The most common cases at ePsyClinic relate to depression, anxiety, marital and couple therapy, premarital therapy, bipolar disorder, and other mental health disorders.
Training and therapy modules
Speaking to YourStory, Shipra said that her revenue model is purely based on the therapy programme and recovery. She adds that there has been a month-on-month growth of 20 percent since June 2017 in revenues – this is organic and without any significant investments in marketing.
She said,
"The biggest challenge was to build an online therapy science from ground up because there were no white papers. The company developed copyrighted and proprietary training and therapy programmes to ensure recovery in online modes as well as chat therapy and phone therapy protocols. We used of neuro-linguistic programming (NLP) to enable diagnosis and smoother delivery of therapy."
Other challenges included educating and convincing customers that recovery is possible from mental health issues.
Building awareness
"There was no conversation on the topic of mental health when we , at ePsyClinic, started, so building the market from the ground up, educating, building awareness, and ensuring that online therapy does provide recovery have been challenges," she said.
Talking about the competition in the market, Shipra said it is essential to focus on the cause and the bigger picture, and consequently spread awareness about mental health issues. She believes it is imperative that the market players "come together and help the market evolve and reach out to as many people as possible”.
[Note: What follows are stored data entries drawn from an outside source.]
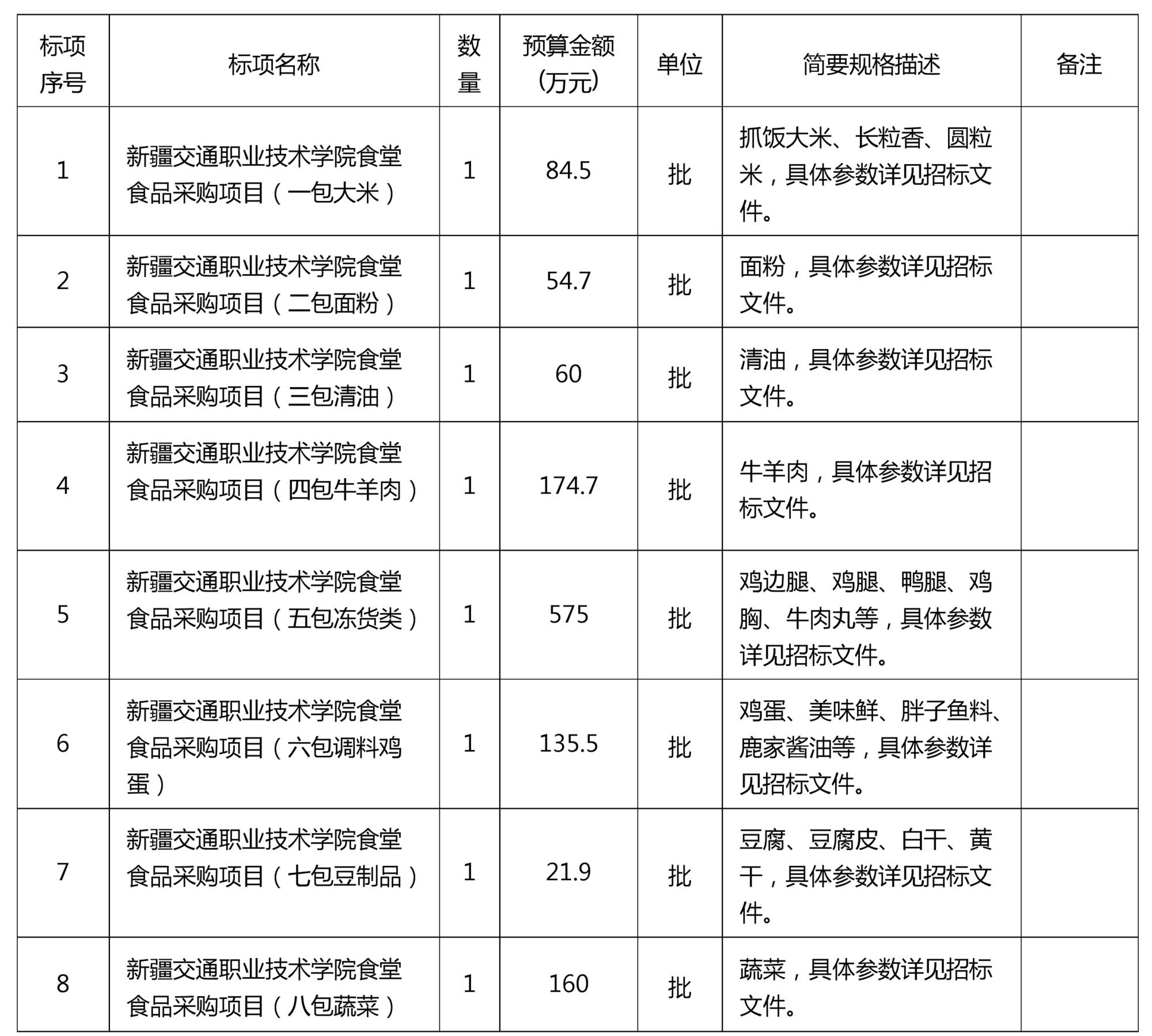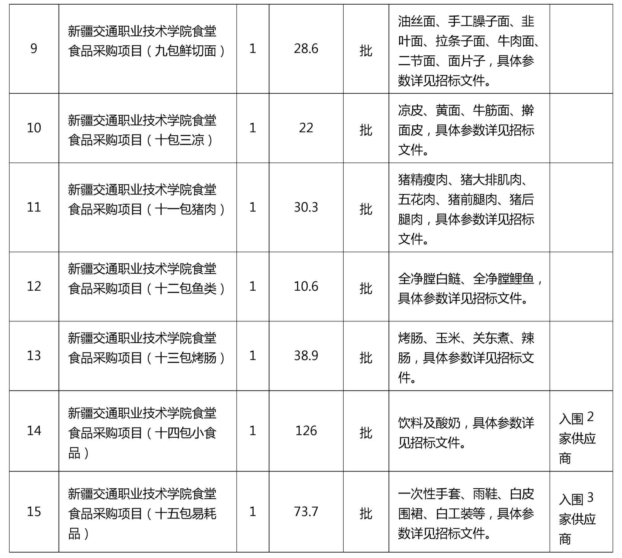 项目名称:新疆交通职业技术学院食堂食品采购项目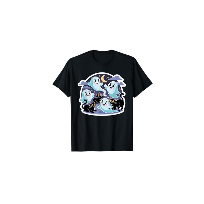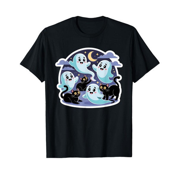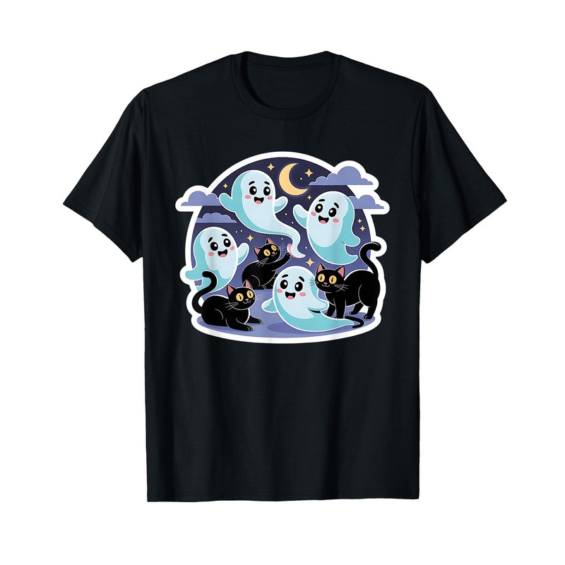 Black Cats with Cute Ghosts - Family Friendly T-Shirt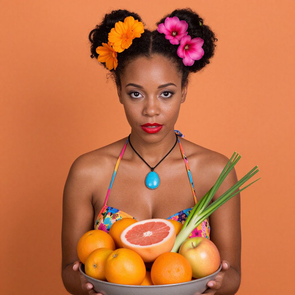 Photograph of an attractive Black woman with medium brown skin and curly hair styled in two buns, adorned with bright orange and pink flowers. She wears a colorful floral bikini top and a blue pendant necklace. She holds a bowl filled with various fruits including oranges, a grapefruit, apple, and green onions, against a vibrant orange background. Her red lipstick contrasts with the colorful backdrop.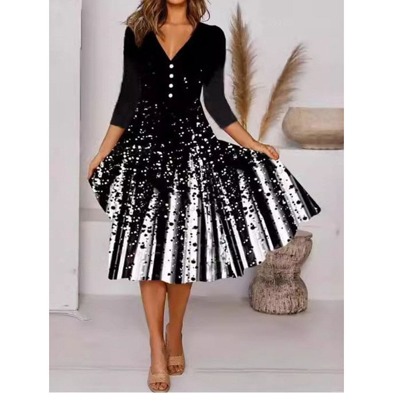 Women's Midi Dress A Line Dress Casual Outdoor Going out Standard Fit Floral Graphic 3/4 Length Sleeve V Neck Black White Red Spring Fall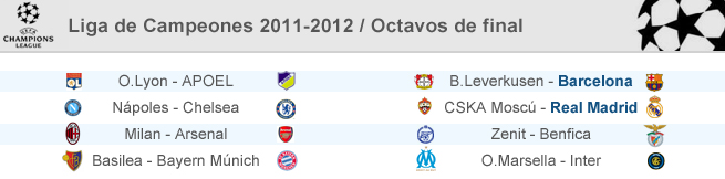 El sorteo celebrado en la sede de la UEFA en Nyon, deparó otros cruces de mayor desigualdad como Basilea-Bayern de Múnich y Olympique de Lyon-Apoel de Nicosia. El último duelo de octavos será el Zenit San Petersburgo-Benfica.
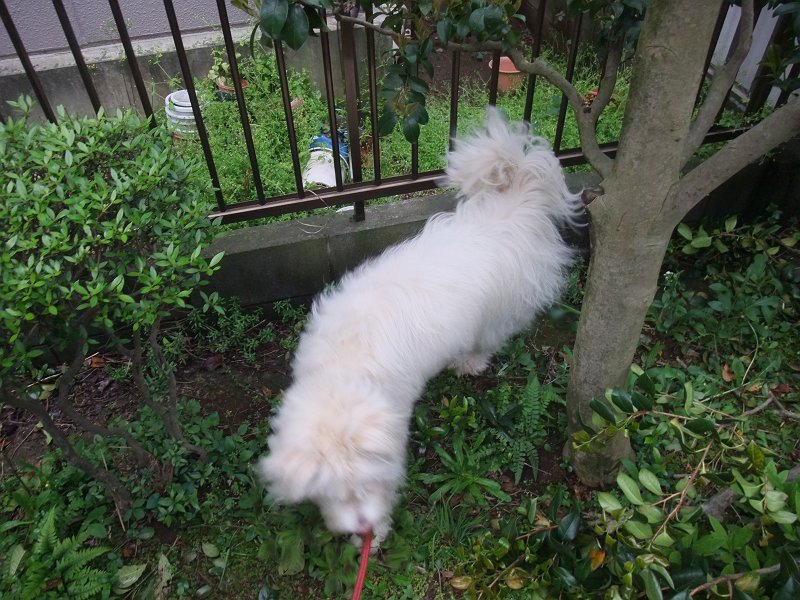 けさも、お庭で用を済ませました。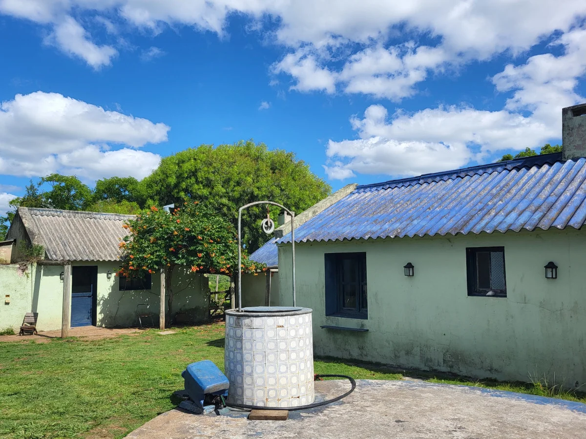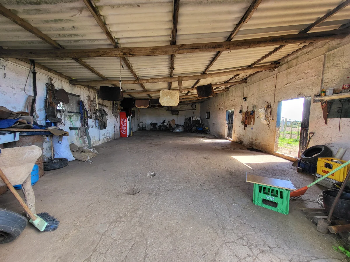 Cuenta con un casco de estancia de estilo, con 2 dormitorios, un baño completo. Living comedor con estufa a leña y un deck con vistas al tajamar y a unos atardeceres de ensueño. Casa de servicio. Gran galpón.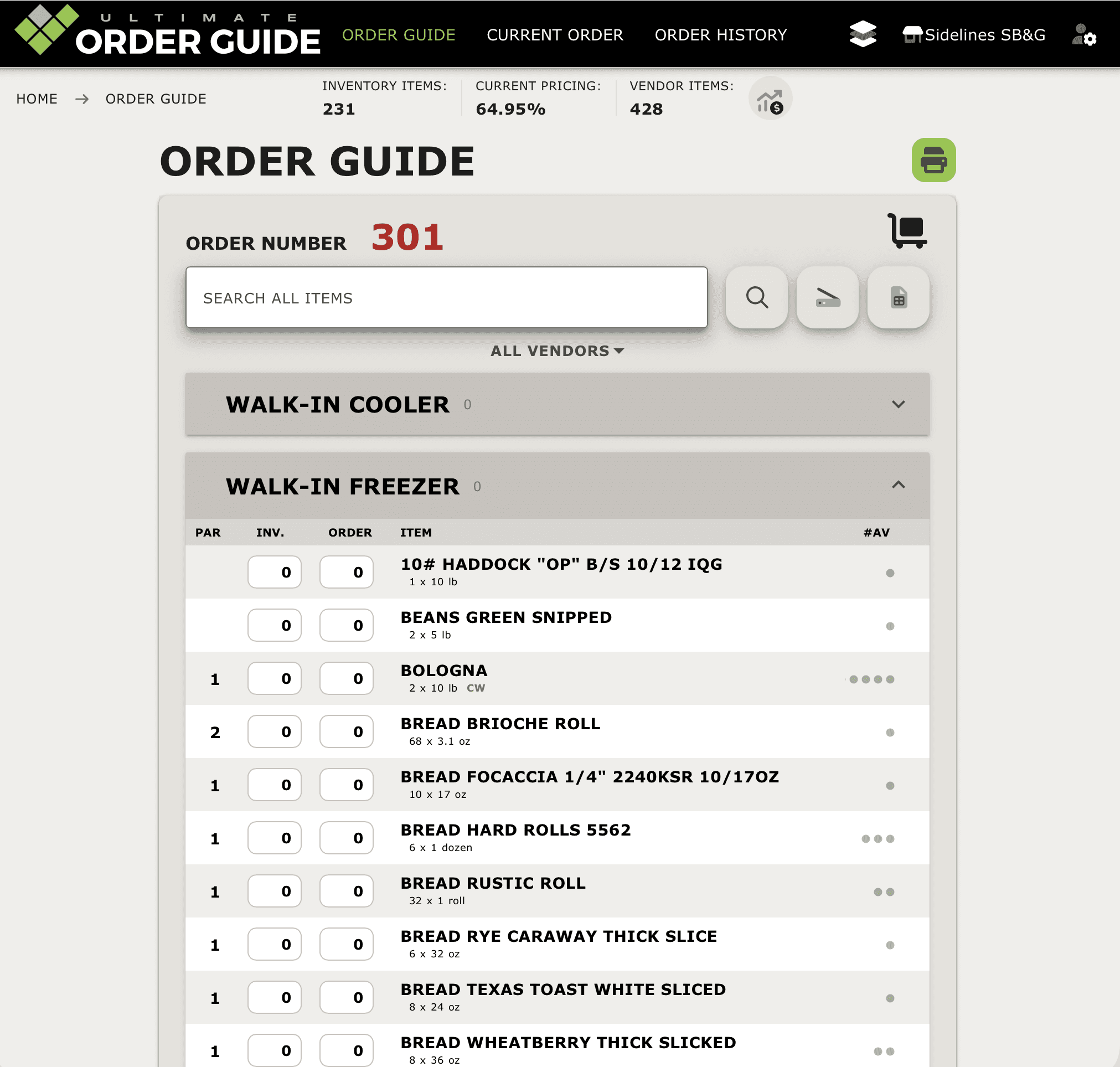 Ultimate Order Guide allows your distributor representatives to actively participate in the assignment of their items to your Order Guide inventory list. This leads to a greater number of item listings allowing them to grow their business as they compete for yours.

Shipra said that the community she had facilitated is stigma-free and the same exercise now needs to be replicated.
"There is no doubt that there is stigma, but more than that there is also a sense of cynicism and lack of clarity in people about the success rate of mental health services. We have to do a lot of work as a country to educate people about how just ‘talking’ would help. The concept of therapy is not understood yet," she said.
Working through the challenges
Initially, Shipra believed that the world would rally behind her vision, that she would find success as soon as she started. But she found herself facing a different reality, and had to work incredibly hard on each front for the last two years to reach where she is today.
Talking about her struggles and lessons, Shipra said,
"Each day I faced defeats and each day I picked up the small wins to motivate myself and keep progressing. It is a journey of struggles; one gets bruised but if there is a strong faith in one’s abilities and the cause, then one starts loving these scars and struggles. That love for scars and struggles is what ensures success. All women and men entrepreneurs preparing to bring in energy and creativity through their products must remember that it’s you, not your product, that will make your startup successful. No matter what, don’t give up. If you really believe, you will make it. Just stay the course."
In the future, Shipra and ePsyClinic are looking to enhance the IWill therapy app with more automation, for control in subsequent releases. . The company now plans to raise seed funding for scaling the IWill Therapy app. They are also planning more additions in treatment modules and a remote psychiatry module for rural India.